The case turned on whether proper dispute resolution procedures were followed before approaching the FWC.

The outcome revealed important lessons about following enterprise agreement procedures before escalating workplace disputes.

Worker’s history and workplace dispute

The dispute arose at a Catholic Independent School in Moss Vale, New South Wales, where the worker was employed in the boarding house.

She filed her application under section 739 of the Fair Work Act 2009, seeking resolution under the NSW Catholic Independent Schools Support Staff Multi-Enterprise Agreement 2023 and its predecessor agreements from 2020 and 2017.

The Commissioner disclosed a potential conflict of interest due to his role on another Catholic Independent School board in the region. However, no objections were raised about his handling of the application.

The Commission noted that claims under the predecessor agreements were misplaced, as these had ended and no longer applied to the worker's employment. The dispute could only be considered under the current agreement.

Employee dispute resolution steps

The enterprise agreement's dispute resolution clause outlined specific requirements in clause 24.2: "Subject to the provisions of the Act, disputes in relation to matters under this Agreement and the NES shall be dealt with in the following manner."

The clause required reasonable attempts to resolve disputes at the workplace through discussions between employees and the principal or nominee.

On 12 August 2024, the worker's representative sent a demand letter, describing it as "a formal attempt to resolve the dispute in accordance with EA cl 24.2 Step 1." The letter gave a 14-day deadline, stating that if the settlement wasn't paid, they would seek FWC conciliation "without further notice."

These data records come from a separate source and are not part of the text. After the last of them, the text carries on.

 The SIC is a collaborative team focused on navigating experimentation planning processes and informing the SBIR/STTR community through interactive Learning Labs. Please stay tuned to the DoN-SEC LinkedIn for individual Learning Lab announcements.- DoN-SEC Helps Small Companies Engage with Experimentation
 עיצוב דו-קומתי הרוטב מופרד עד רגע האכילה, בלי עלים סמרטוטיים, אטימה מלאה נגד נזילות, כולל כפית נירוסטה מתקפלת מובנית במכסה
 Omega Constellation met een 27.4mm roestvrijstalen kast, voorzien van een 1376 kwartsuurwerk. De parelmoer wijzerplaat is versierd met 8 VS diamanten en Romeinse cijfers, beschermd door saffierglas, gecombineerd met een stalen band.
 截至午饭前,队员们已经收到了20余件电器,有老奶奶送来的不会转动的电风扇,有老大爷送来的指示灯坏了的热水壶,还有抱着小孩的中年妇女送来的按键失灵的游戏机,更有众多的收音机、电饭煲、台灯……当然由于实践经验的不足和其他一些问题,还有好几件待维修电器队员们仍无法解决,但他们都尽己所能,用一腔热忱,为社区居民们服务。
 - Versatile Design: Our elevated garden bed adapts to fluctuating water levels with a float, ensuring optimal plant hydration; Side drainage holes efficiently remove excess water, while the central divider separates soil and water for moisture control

The school was unaware that issues raised by the worker in March 2024 remained unresolved when they received this demand letter. The head of school responded on 23 August, explaining their position and offering to meet or provide a detailed written response.

Workplace resolution requirements

A key issue was identifying who qualified as "the principal" under clause 24. While the college director had signed the agreement as "Principal," the head of school was nominated as principal for regulatory purposes with the New South Wales Education Standards Authority.

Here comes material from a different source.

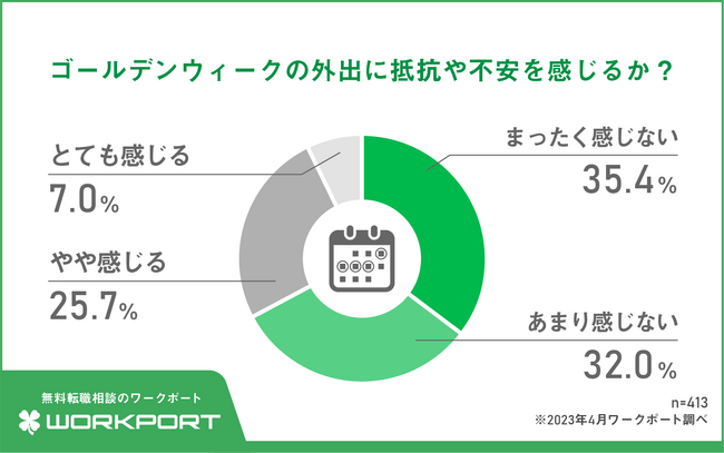 さらに、対象者全員にゴールデンウィークに外出することに抵抗や不安を感じるか聞いたところ、「まったく感じない」(35.4%)、「あまり感じない」(32.0%)が合わせて67.4%となり、7割近くの人が連休中の外出に抵抗感を持っていないことがわかりました。
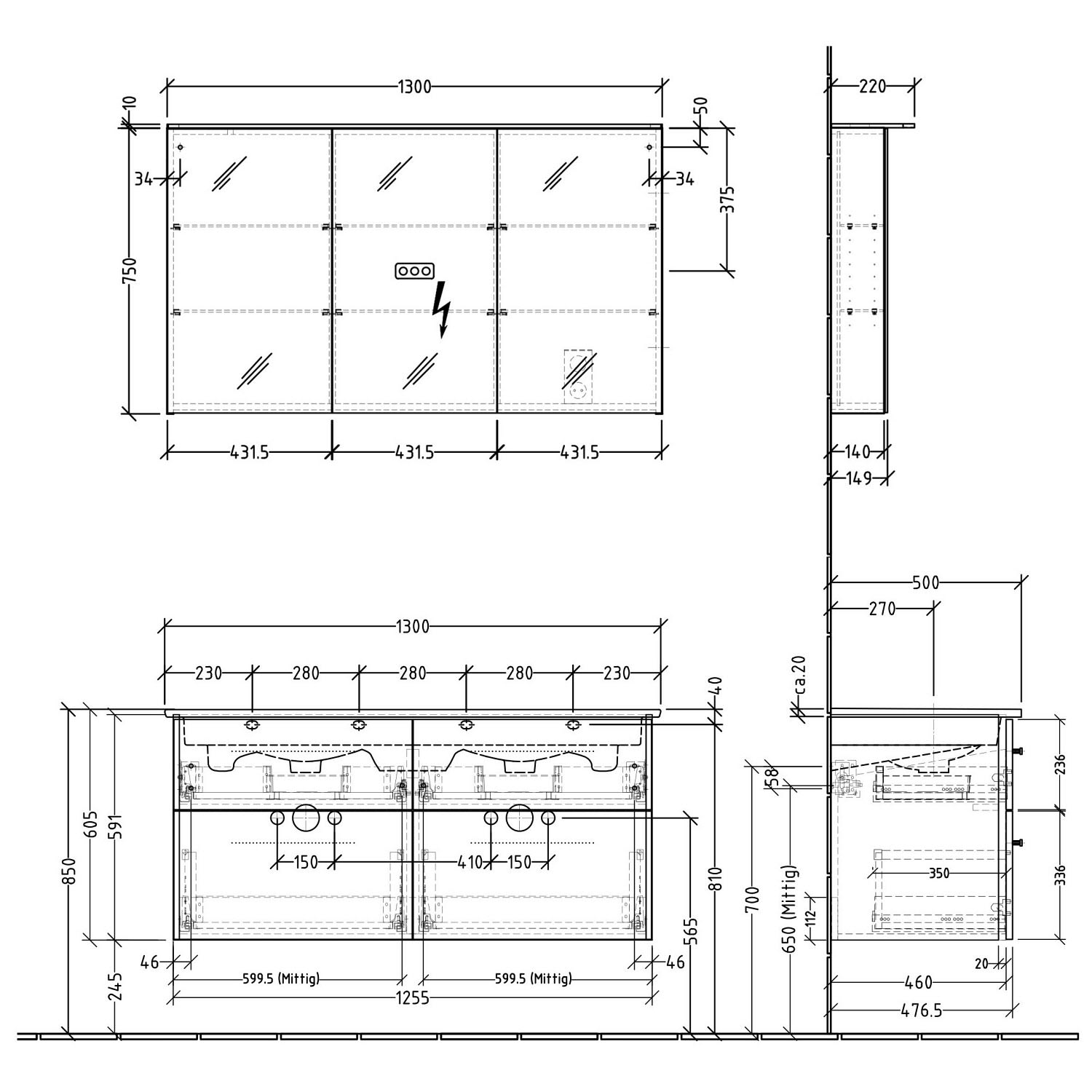- Breite: 130 Tiefe inkl. Leuchte: 22 Höhe: 76 cm

The Commissioner found that even if the head of school wasn't technically the principal, she was authorised to handle enterprise agreement disputes on the school's behalf, acting either as principal or as the director's nominee.

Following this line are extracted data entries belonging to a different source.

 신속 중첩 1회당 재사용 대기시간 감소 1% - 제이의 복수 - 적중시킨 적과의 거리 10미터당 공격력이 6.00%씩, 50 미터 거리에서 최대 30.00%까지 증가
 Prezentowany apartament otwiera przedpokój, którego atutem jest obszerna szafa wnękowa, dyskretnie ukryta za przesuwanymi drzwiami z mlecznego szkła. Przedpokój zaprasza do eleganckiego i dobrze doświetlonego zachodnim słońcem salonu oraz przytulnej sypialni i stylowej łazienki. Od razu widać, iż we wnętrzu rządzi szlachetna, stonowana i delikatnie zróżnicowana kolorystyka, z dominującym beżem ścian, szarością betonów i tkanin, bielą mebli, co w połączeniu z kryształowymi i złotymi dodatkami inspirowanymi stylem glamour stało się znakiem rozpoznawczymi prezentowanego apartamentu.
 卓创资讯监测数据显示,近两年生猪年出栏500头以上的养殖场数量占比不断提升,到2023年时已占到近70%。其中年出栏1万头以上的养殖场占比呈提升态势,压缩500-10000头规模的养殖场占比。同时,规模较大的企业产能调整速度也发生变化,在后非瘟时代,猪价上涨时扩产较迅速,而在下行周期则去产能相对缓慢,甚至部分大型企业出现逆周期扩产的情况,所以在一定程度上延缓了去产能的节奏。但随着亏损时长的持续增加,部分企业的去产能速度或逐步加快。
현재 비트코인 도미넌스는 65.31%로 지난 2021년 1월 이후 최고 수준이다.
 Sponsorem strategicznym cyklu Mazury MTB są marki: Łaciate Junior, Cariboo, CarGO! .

The decision noted that while the worker's March 2024 emails constituted workplace attempts at resolution, subsequent communications through her representative didn't qualify as "at the workplace" efforts, as required by the agreement.

FWC: Resolve the dispute first

The Commission explained: "The result was to significantly limit the opportunity for consultation, cooperation or negotiation between the parties before applying to the Commission in a way that was inconsistent with the purpose of clause 24.2."

Addressing procedural arguments, the Commissioner noted: "If a dispute arises about whether the Commission has jurisdiction to deal with an application, the dispute must be resolved before the Commission can deal with the application itself."

The decision concluded that at application time, the agreement "did not require or allow the Commission to deal with the dispute for the purposes of s.595 and s.739 of the Act, because the steps contained in clause 24 had not been followed by [the worker]."

The case emphasised that following enterprise agreement procedures isn't optional, regardless of how strong an employee believes their claim to be. The FWC said that it can't consider disputes until workplace-level resolution attempts have been properly made.